Infographic: Here’s How You Pull Out of a Rear-Wheel Skid!

A rear-wheel skid is something that has happened to and with every rider at some point or the other. Generally, it’s because of a slippery surface or incorrect and excessive braking of the rear-wheel. While it’s generally all fun and frolic to pull the handbrakes of a car and get it’s rear wheels to skid, the same isn’t really the case with motorcycles. For newbie riders, it can get very scary very soon. But, not if you know how to pull out of it properly.

Not all bikes have ABS in both wheels. What that means is that sometime or the other you’ll be in a situation where your rear wheel will lock. Instead of gradually slowing down itself and the bike, the rear wheel will completely stop as the bike continues to move. This will cause the bike to skid from the rear end. If not handled properly, this very easily can result in the bike going sideways, and resultantly the rider falling off or worse, getting into a fatal crash!

So, if your rear wheels lock and you go into a skid, be sure to counter any lateral movement the bike may enter into.

In case you’re lucky enough to only be in a straight skid, recovering is pretty easy. The front and rear wheels are aligned with each other, and all you need to do is release pressure off the rear brakes. Although, be prepared to contain the wobbles of the bike, as the rear wheel gains back its traction. You can, in fact, even practice this in a parking lot with proper safety gear, so you’re well prepared when the worst comes!

However, if you’re unlucky enough to get into a side-skid, things get a little tricky. A side-skid is when the front wheels continue to move forward, while the rear wheel tends to go sideways. Beware, do not act mindlessly. Generally people tend to release the rear brake at this point. But, that’s absolutely not the thing to do. Instead, you can regain control by trying to gently pull the handlebar of your motorcycle in the same direction as the slide. This helps your wheels get back in line. Doing this will prevent you from a high-side crash. At worst, you would get into a side crash at a lower speed.

It’s vital to use the lower part of your body to steer the bike on track, when trying to pull out of a rear wheel skid. Learn to hold the gas tank of your motorcycle tightly between your knees, when practicing the straight skid. It may or may not seem such, but it will go a long way in helping you encounter a slide.
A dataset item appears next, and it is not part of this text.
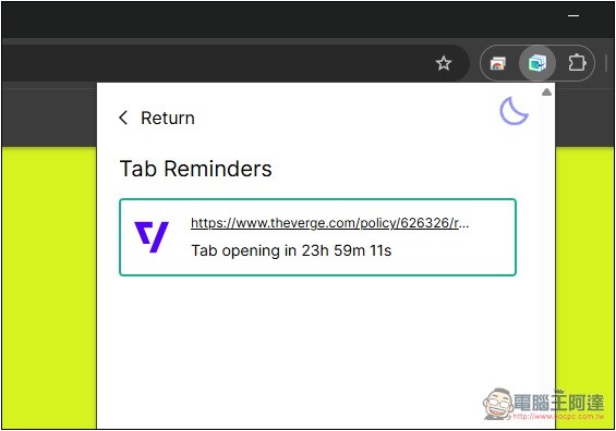 Tab Reminder 是一款 Chrome 擴充功能,基本上只要是 Chromium 核心開發的瀏覽器都能安裝使用,如:Microsoft Edge。雖然只有英文,但操作很簡單。

Another thing to keep note of, while trying to pull out of a rear wheel skid is to keep your eyes focused straight. And also gauge the things on the road that can make your skid worse, and try to avoid them.

Generally, a rear wheel skid doesn’t happen if you have a pillion riding with you. The extra weight in the rear-end of the bike ensures better traction for the rear wheel. While trying to pull out of a rear wheel skid, try to imitate this. Try to move your body as far back as possible as you can, without losing your control over the bike or the gas tank as told above.

There you go. That’s about as much we could tell you about getting out of a rear-wheel skid. Ride safe, brothers!